Waspada Infeksi Leptospirosis Pada Anak yang Gejalanya Mirip Flu Biasa



Jakarta – Anak-anak kecil sangat rentan terkena leptospirosis yang disebabkan oleh bakteri leptospira karena mereka sering bermain di luar rumah. Mereka bahkan lebih rentan terinfeksi dibandingkan orang dewasa karena mereka tidak memiliki imunitas bawaan.

Waspada Infeksi Leptospirosis Pada Anak yang Gejalanya Mirip Flu Biasa

Ilustrasi Anak Sakit

Menangani masalah leptospirosis pada anak juga tidak mudah, karena gejala awalnya sangat samar dan kelihatan hampir sama dengan infeksi umum pada anak-anak seperti flu. Banyak orangtua yang salah mengira infeksi ini dan tidak mencari pertolongan dokter.

Meski tahap awal gejala leptospirosis sangat mirip dengan flu biasa, tapi sebaiknya orangtua segera memeriksakan ke dokter jika anak memang pernah terpapar risiko penyakit ini. Anak-anak sendiri sulit mengenali beberapa gejalanya, seperti sakit kepala, nyeri otot, dan sebagainya, karena terasa sangat ringan untuk bisa dikenali.

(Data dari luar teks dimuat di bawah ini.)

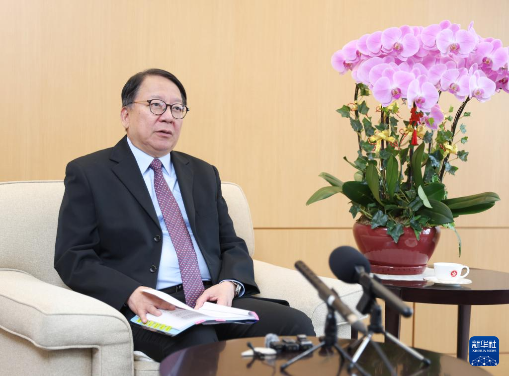 香港特别行政区政府政务司司长陈国基接受媒体联合采访(4月10日摄)。新华社记者 甄晓博 摄

Namun, penyakit apapun terjadi dalam dua tahapan, seperti dikutip dari laman Leptospirosis.org, di mana anak membaik setelah beberapa hari, kemudian tiba-tiba kambuh lebih parah lagi dan harus segera di bawa ke rumah sakit.

Terkadang, infeksi leptospirosis menunjukkan gejala yang sama dengan meningitis, yakni ruam merah pada kulit yang tidak memudar ketika ditekan menggunakan gelas, tidak suka melihat cahaya dan terkulai, serta terlihat mengantuk. Gejala-gejala ini sudah pasti merupakan tanda infeksi serius dan anak harus segera mendapat penanganan medis.

Baca juga : Tips Mudah Menyembuhkan Penyakit Batuk Sang Buah Hati

Pada bayi di bawah usia enam bulan, mereka masih belum memiliki sistem imun yang baik. Jadi, mereka mengandalkan ibu mereka untuk melawan infeksi tersebut (mencium wajah mereka akan mengumpulkan contoh patogen dan menciptakan antibodi yang dikeluarkan lewat ASI).

Meski begitu, hal ini tidak bekerja pada leptospirosis karena bakteri ini biasanya tidak terdapat di air liur. Selain itu, bayi juga tidak bisa mengutarakan gejala yang mereka alami sehingga sulit untuk mendeteksi pada tahap awal infeksi, kecuali jika terdapat ruam.

Orangtua yang memiliki bayi yang mungkin berpotensi terpapar leptospirosis, harus selalu mencari saran spesifik dari dokter keluarga.